Asylum seekers in many states are not eligible for public insurance, thus making it difficult or impossible to access the medical care that they need. As the regulations under the Affordable Care Act go into effect, it is possible that immigrants’ access to care may become even more difficult.
This webinar, from September 23, 2015, features a panel of Marianne Joyce from the Marjorie Kovler Center, Lauren Pesso from HealthRight International, and Liz Sweet from Lutheran Immigration & Refugee Service. This webinar is part of the National Capacity Building (NCB) webinar series. NCB is a project of the Center for Victims of Torture.
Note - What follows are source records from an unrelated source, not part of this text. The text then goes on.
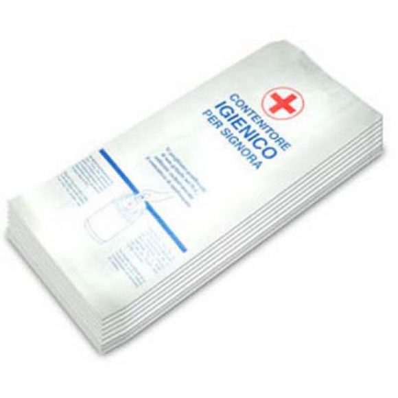 Sacchetti igienici in carta per assorbenti femminili. Il prodotto è venduto in confezione multiple per cartone. Ciascun cartone contiene 10 confezioni da 200 sacchetti cad., per un totale di 2.000 sacchetti per cartone
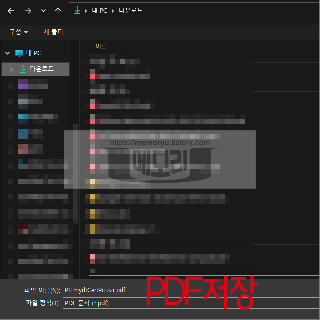PDF로 저장을 누르면 파일탐색화면이 활성화 됩니다. 이곳에서 저장하고자 하는 위치를 정해 저장을 하면 파일이 저장이 됩니다. 저장된 PDF파일은 프린터로 출력도 가능하고 이메일이나 카카오톡 같은 메신저로 공유 및 전송도 할 수 있습니다. 뿐만 아니라 스마트폰으로 보낸 후 모바일팩스앱을 이용해 팩스로도 발송이 가능합니다.
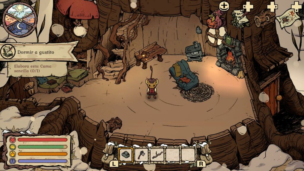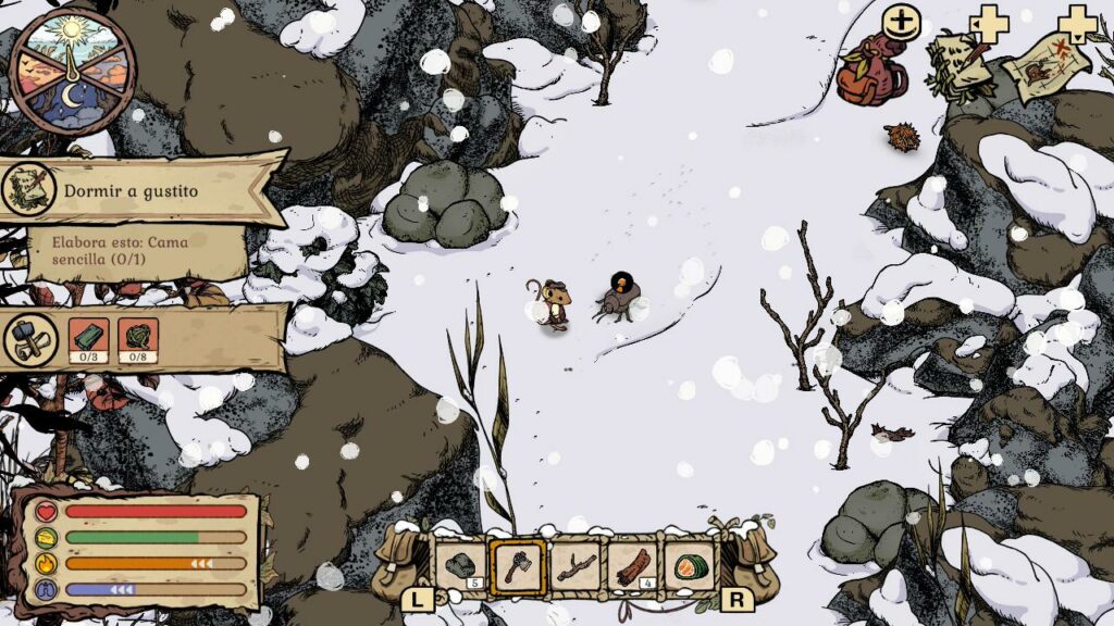 Todo esto lo conseguiremos saliendo por el bosque y buscando materiales, pero hay que tener en cuenta que nuestra barra de frío y el tiempo son muy importantes, y corren en nuestra contra. Así, nuestras exploraciones en un primer momento deberán ser cortas, con el fin de llegar a tiempo a nuestro hogar para no mermar nuestra energía. Más adelante, con mejores ropas para afrontar el frío y nuevas herramientas, podremos ir avanzando un poco más lejos.

In a recent survey conducted by CVT’s National Capacity Building Project to Survivors of Torture programs, many of you responded that when working with community providers, you experience significant challenges in developing effective, ongoing services for survivors. In this webinar three torture treatment programs that have developed a network of successful pro bono relationships will discuss their strategies for recruiting and retaining this valuable resource and share special considerations to make when working with these providers.
After attending this webinar participants will be able to:
- Describe 3 successful recruitment strategies
- Put into effect strategies to identify appropriate community pro bono providers
- Recognize what special considerations should be taken into account when recruiting pro bono providers
Liz Sweet, Director for Access to Justice, Lutheran Immigration and Refugee Service
Liz Sweet is the Director for Access to Justice at Lutheran Immigration and Refugee Service (LIRS). LIRS’ Access to Justice program supports a network of partners across the United States to respond to migrants impacted by detention by offering legal services, visitation and community based services for individuals released from detention. Prior to her work with LIRS, Liz was the Associate Director for the ABA Commission on Immigration and directed a pro bono legal services project in San Diego to recruit and train pro bono attorneys to represent individuals at all levels of the immigration court system. Following law school at Northeastern University School of Law, Liz represented detained children in Arizona as a Staff Attorney for the Florence Immigrant and Refugees Rights Project.
Marianne Joyce, LCSW, Heartland Alliance Marjorie Kovler Center
Marianne is a licensed clinical social worker and serves as the social services manager, primarily responsible for conducting clinical evaluations, supervising and training graduate student interns, providing psychotherapy for clients, providing consultation for volunteer therapists, writing psychological affidavits and testifying in court to support asylum claims of survivors. Additionally, she provides education about torture treatment in various university and community settings in Chicago. She has been closely involved with survivors bringing lawsuits against perpetrators residing in the U.S. International experience includes Peace Corps/Guatemala as a volunteer and trainer, providing consultation and training in Haiti, Guatemala, Turkey, and Sri Lanka for physicians and psychologists working with war trauma, and extensive travel in South and Southeast Asia. She taught a course on social work and human rights at the University of Chicago for three years. She holds an M.A. from the School of Social Services Administration at the University of Chicago. Ms. Joyce is fluent in Spanish and licensed to provide mental health services in the state of Illinois.
Lauren Pesso, LMSW, MPA, Program Director, Human Rights Clinic, HealthRight International
Lauren Pesso is the Program Director of the Human Rights Clinic (HRC) at HealthRight International, where she is responsible for overseeing the HRC’s work providing forensic and case management services to immigrants fleeing torture and other severe human rights abuses. Lauren has worked for over a decade to address the health and wellbeing of vulnerable populations in the United States and abroad. Directly prior to this post, she developed and oversaw the expansion of an anti-human trafficking program in New York, and has coordinated gender-based violence research studies and a variety of maternal and reproductive healthcare programs. She holds a Masters of Social Work (MSW) and a Masters of Public Administration (MPA) from Columbia University, and a Bachelor's Degree in Sociology and Religion from Wesleyan University.